SBC News Esports betting in Brazil: Rei de Pitaco, Abios and Kambi analyse the state of play
Rafael Marchetti Marcondes: Rei do Pitaco

Taking office in 2023, the new sports minister, André Fufuca, announced a very different approach to Ana Moster. He recognised esports as a sport and its importance in society and proposed to create a board within his ministry overseeing esports activities.

Rafael Marchetti Marcondes, Chief Legal Officer at Rei do Pitaco, said: “Currently, there is no unity in the Brazilian esports environment. Multiple entities coexist, such as the Brazilian Confederation of Games and Esports (CBGE) and the Brazilian Confederation of Electronic Sports (CBDEL). Each has self-proclaimed themselves to be responsible for organising esports in Brazil. ”

He continues: “It is essential for the Ministry of Sports to formally address the issue to eliminate these uncertainties. Without this, it is difficult for a promising market like esports betting to advance in the country.”
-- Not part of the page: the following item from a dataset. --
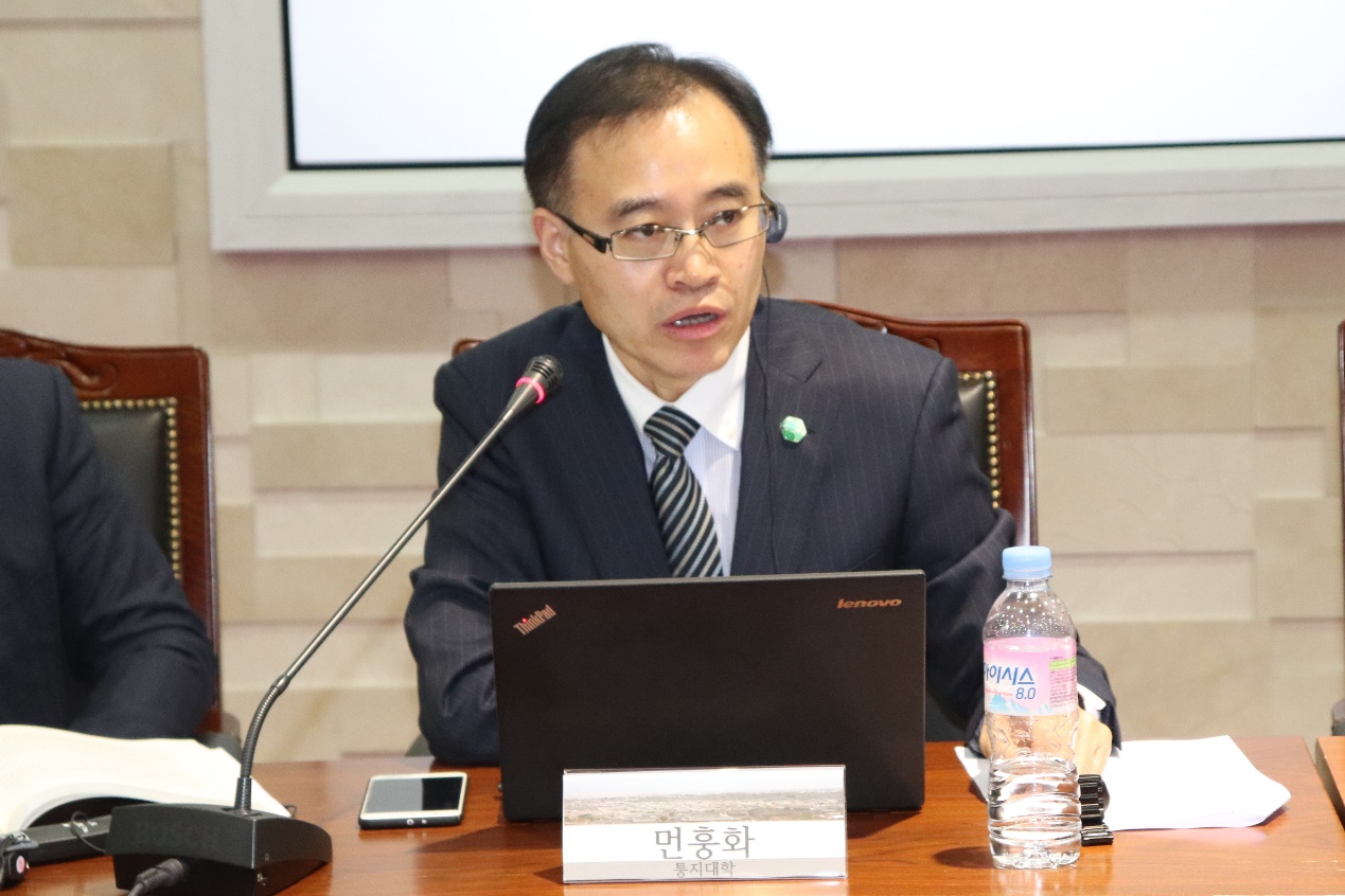 Prof. Feng Shenhong, Deputy Secretary of the Party Committee of Tongji University, and H.E. Guo Peng, Consul-General of the Consulate General of China in Busan, delivered speeches successively at the opening ceremony. Prof. Feng expected more productive cooperation between South Korea and China and between Busan and Shanghai under the Belt and Road Initiative. He pointed out that with the joint efforts of related parties in the region, positive changes have been taking place in the peninsula, especially reflected in the signing of the Pyongyang Joint Declaration after South Korean President Moon Jae-in’s visit to North Korea. Feng expressed his sincere gratitude to the hosts for carefully preparing this event and wish it a complete success.

SBC News Esports betting in Brazil: Rei de Pitaco, Abios and Kambi analyse the state of play
Victoria Fernandes: Kambi

Victoria Fernandes, Head of Regulatory Compliance at Kambi, added:While we haven’t seen investments in these sorts of activities yet, the new minister’s stance bodes well for public esports discourse and betting regulation.”

Merging sports culture, betting and esports 

The sports culture in Brazil has translated to esports in a very tangible way. Top-tier football players such as Lionel Messi have been seen playing Counter-Strike in their free time, engaging with the gaming community and the game titles esports fans love. 

Anton Janér, Abios’ Founder and Managing Director, commented:This overlap between the commercials and economics of traditional sports and esports has undoubtedly aided in speeding up the growth of esports in the region, bringing it to mainstream audiences.

We haven’t really been seeing this to the same extent anywhere else, and it is fantastic to see the passion esports fans in Brazil bring into watching matches and cheering for their teams.” 

He continued: “As digitally native fans start exploring more betting opportunities with the upcoming regulation, we don’t only believe esports titles such as Counter-Strike or League of Legends will grow in the region, but also more sports-leaning games like esoccer, played in EA FC (former FIFA). Featuring fast and engaging gameplay, which we’ve seen to be engaging for football fans, we believe esoccer will be very successful in between and before high-tier matches.” 

Esports in the realm of sports betting regulation

In Brazil, sports betting has been legal since 2018. It has already gained popularity, with 14% of the population placing at least one bet in 2023, according to the 2024 report from Anbima, the Brazilian Association of Financial Market Entities and Capital. 

Nonetheless, the law hasn’t defined the scope or limitation of online sports betting, meaning operators have been awaiting regulation for further clarification. More regulations will be implemented for each thematic area, and all groundwork is expected to be laid out by the end of July to support a full-scale launch of sports betting in Brazil by the end of 2024.

Fernandes continued: “I’ve been with Kambi for four years, and the question of sports betting in Brazil has come up continuously. It has been a hot topic for quite some time, but the regulation has moved slowly.”

Fernandes described how esports is one of these thematic areas that need clarifications, especially if esports is defined as a sport. “With how the law and regulations are written right now, without clarifications, we might arrive at a very Frankenstein-esque situation,” he noted. “As esports is not regulated as a sport under the current Brazilian law, domestic esports competitions can’t be bet on.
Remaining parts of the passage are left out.